Adams' three volume work was written to defend the constitutions of government that had been adopted by the several states after their separation from Great Britain. Several of these constitutions, which utilized mixed and balanced features, were being criticized in Europe because they too much resembled the British government.
Governments consisting of a single assembly were all the rage at the time, for they were viewed as being very "democratic," and a refreshing alternative to the monarchical governments that so pervaded Europe.
For example, Benjamin Franklin's Pennsylvania constitution, creating a single-assembly government, was heavily praised and considered modern and innovative, while John Adams' Massachusetts constitution, creating a mixed and balanced government, was highly criticized and considered outmoded and merely a copy of the government of Great Britain.

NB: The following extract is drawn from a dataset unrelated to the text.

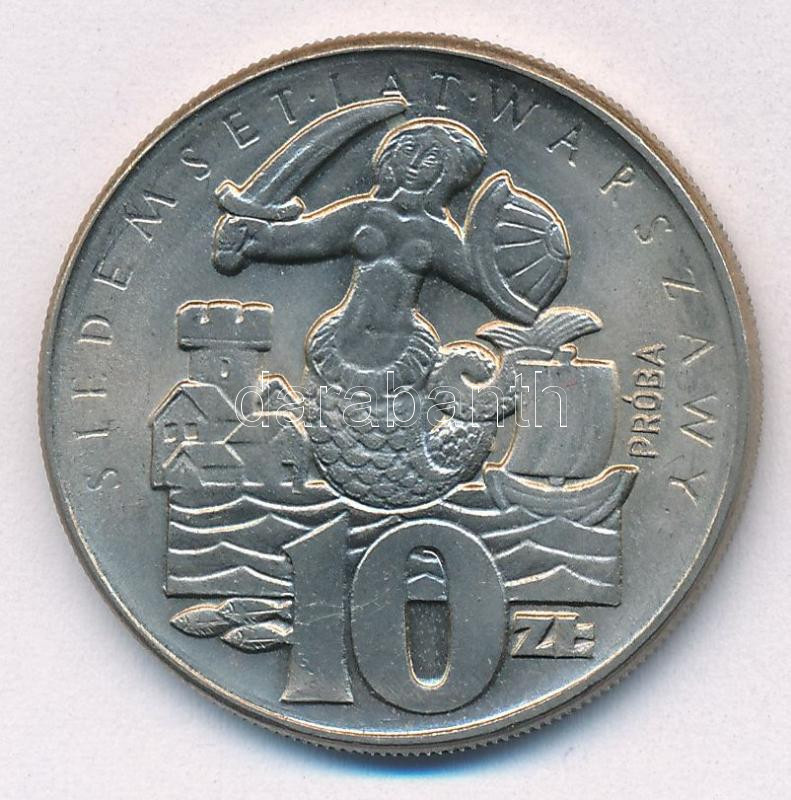 Lengyelország 1965. 10Zl Cu-Ni "700 éves Varsó - Sellő karddal és pajzzsal, háttérben hajó és ház" próbaveret "PRÓBA" jelzéssel T:1

In typical Adams fashion, his work uses examples from history to demonstrate that single-assembly governments were not new or innovative, but had been tried and were all miserable failures, while properly mixed and balanced governments were the most stable, most free, and most long-lasting governments that ever existed.
Indeed, within a few years of the publication of Adams' work, the entire world would have an example of the turmoil and blood that result from a single-assembly government by watching the results of the revolution in France.
It should also be noted that Pennsylvania abandoned its single-assembly government by 1790, adopting instead the mixed and balanced government it has to this day. And John Adams' much maligned (by Europeans) Massachusetts constitution, with its mixed and balanced features, remains the oldest written constitution still in use IN THE WORLD. Indeed, it served as a model for the US Constitution, and Adams' work was much read by the delegates at Philadelphia who created it.
I am, however, happy that the reviewer found Adams' work to be an "enjoyable read," for it is indeed a classic, and timely in any age.